Where does this approximation for $2^x-1$ come from?

Question

I found this fairly good approximation for $2^x-1$ while reverse-engineering a fast exp2f() C++ (undocumented, uncommented) implementation:

$$2^x-1\approx \frac{27.7280233}{4.84252568 - x} -0.49012907 x -5.7259425$$

This approximation is accurate for $x$ in $[0,1]$ and it is quite so (about 4 decimal digits). However I never found it mentioned anywhere. It is simply a hyperbole shifted linearly which fits $2^x-1$ in that range very nicely. I tried to google around for "rational exp2 approximation", "fractional exponential base two approximation" or with similar keywords, but I found nothing relevant to it.

Does anybody know where it comes from and whether it has a name ?

My curiosity is not just academical, I wanted to know where it come from just to understand whether it can be extended with more terms to improve its approximation accuracy. I know I can approximate $2^x$ or $2^x-1$ in that or another range by polynomial approximation, but they usually requires several terms, while this formula without any powers higher than one and one fraction does a very nice job, comparable more or less to a 4th degree polynomial!

Thanks

Quick look on Desmos https://www.desmos.com/calculator/ppz2tcratj ... If this helps anyone answer this ? — Donald Splutterwit, Nov 21 '22 at 01:24
This is the ratio of two polynomials, the numerator of degree $2$ and the denominator of degree $1$, so might be described as a rational (algebraic) fraction approximation. It does not quite pass through $(0,0)$ and $(1,1)$ though comes close. — Henry, Nov 21 '22 at 02:21
As pointed out, this probably comes from a Pade-approximation , a standard method to approximate functions in some interval. This works far better then Taylor expansions , but of course at the price of more complicated expressions. A good compromiss between accuracy and simplicity are the Tchebycheff-approximations that should be also excellent in such a small interval. — Peter, Nov 21 '22 at 06:50
I want to write a science fiction story about how, far in the future, humans have forgotten about $2^x$ and only remember Pade computations. — Lee Mosher, Nov 23 '22 at 13:14
@LeeMosher A weird idea , but exactly those ideas usually sell excellent. — Peter, Nov 23 '22 at 22:35

Jean-Claude Arbaut · Answer 1 · 2022-11-21T02:34:37.043

When you make a change of variable to express $e^x-1$ instead, you get a formula close to the local (near $0$) approximation $\dfrac{x^2/\sqrt2+(2+\sqrt2)x}{2+\sqrt2-x}$.

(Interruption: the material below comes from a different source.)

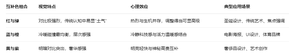 互补色组合具有独特的视觉特性和心理效应,下面通过表格对比主要互补色组合及其特点:
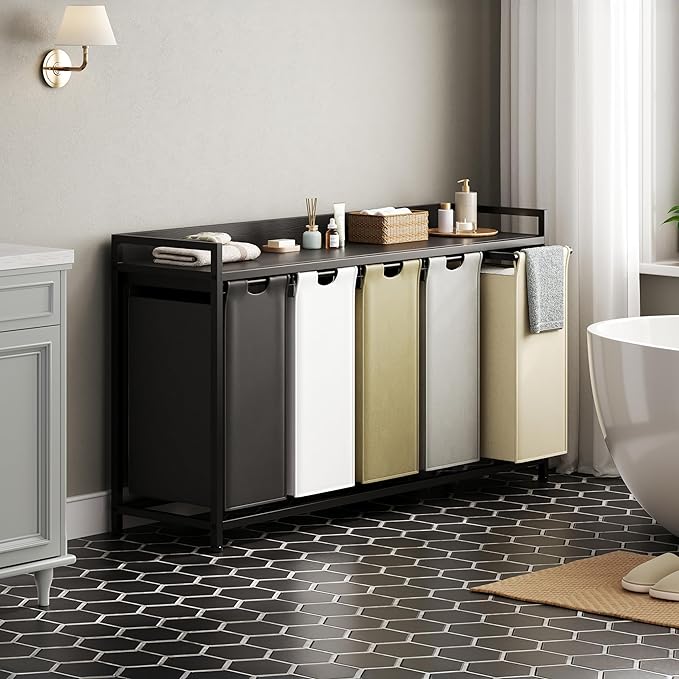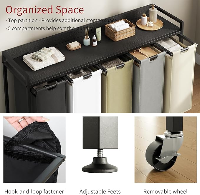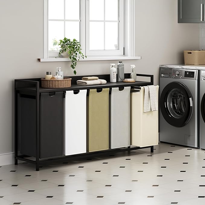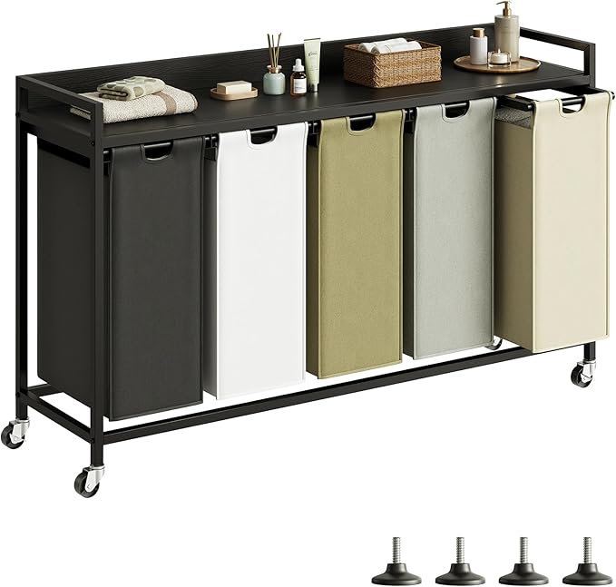 Laundry Hamper with Shelf, Laundry Basket 5 Section, Laundry Sorter with Pull-Out Removable Large 5 Color Bags and Movable Wheels, Metal Frame, 5 x 15.87 Gallons (60L), Black PF08XLK

However, your formula is much better near $1$, and the error is uniformly small on $[0,1]$ and oscillating. Therefore I suspect some kind of minimax rational approximation (Remez). However, Remez is slightly better overall, but your formula is better near $0$, so the minimax approximation has been tuned to be good near $0$, which is desirable, as this function is probably often used for small arguments.

Below, the error with your function (blue) and Remez approximation (red). The Remez approximation was computed with Maple, with a numerator of degree $2$ and a denominator of degree $1$.

We can do better: Maple allows a weight on the error. With a weight $1000$ for $|x|<10^{-8}$ and $1$ otherwise, we get the approximation

$$\frac{ 27.704226690769845416}{4.8416702244134115171-x}- 0.48942480030516666506 x - 5.7220391320516093836$$

As you can see it's quite close to your formula.

Here is the error, again your function in blue and the Remez approximation in red:

It's possible to get a result even closer to your function by adjusting weights also at $1$ and $1/2$:

njuffa · Answer 2 · 2022-12-02T06:34:25.860

The approximation in the question is a particular arrangement of a rational approximation, and other answers have already explained how these can be derived from Padé approximants or with the Remez algorithm for creating minimax approximations. I could not find this particular approximation in a search of relevant literature going back to the 1950s. Searching for the coefficients on the internet, I did however trace it back to a 2011 blog post by Paul Mineiro, and the description there indicates that he derived this approximation himself (see the section "A Fast Approximate Exponential").

In general, a rational approximation $\mathrm{R}_{m,n}(x)=\frac{\mathrm{P}_{m}(x)}{\mathrm{P}_{n}(x)}$, where $\mathrm{P}_{n}$ denotes a polynomial of degree $n$, tends to have an approximation error smaller than a polynomial approximation $\mathrm{P}_{n+m}$. This is one reason rational approximations were very popular in the past, up to about the early 1990s. With processors of the 1950s through the 1980s, floating-point division was often not much slower than floating-point multiplication. For example, on the IBM 7090 a floating-point multiply executed in 16.8 to 40.8 microseconds, while a floating-point divide executed in 43.2 microseconds. On the Intel 8087, a floating-point multiply required 90-145 cycles, while a divide required 193-203 cycles (according to the 1987 Microsoft Macro Assembler 5.0 Reference).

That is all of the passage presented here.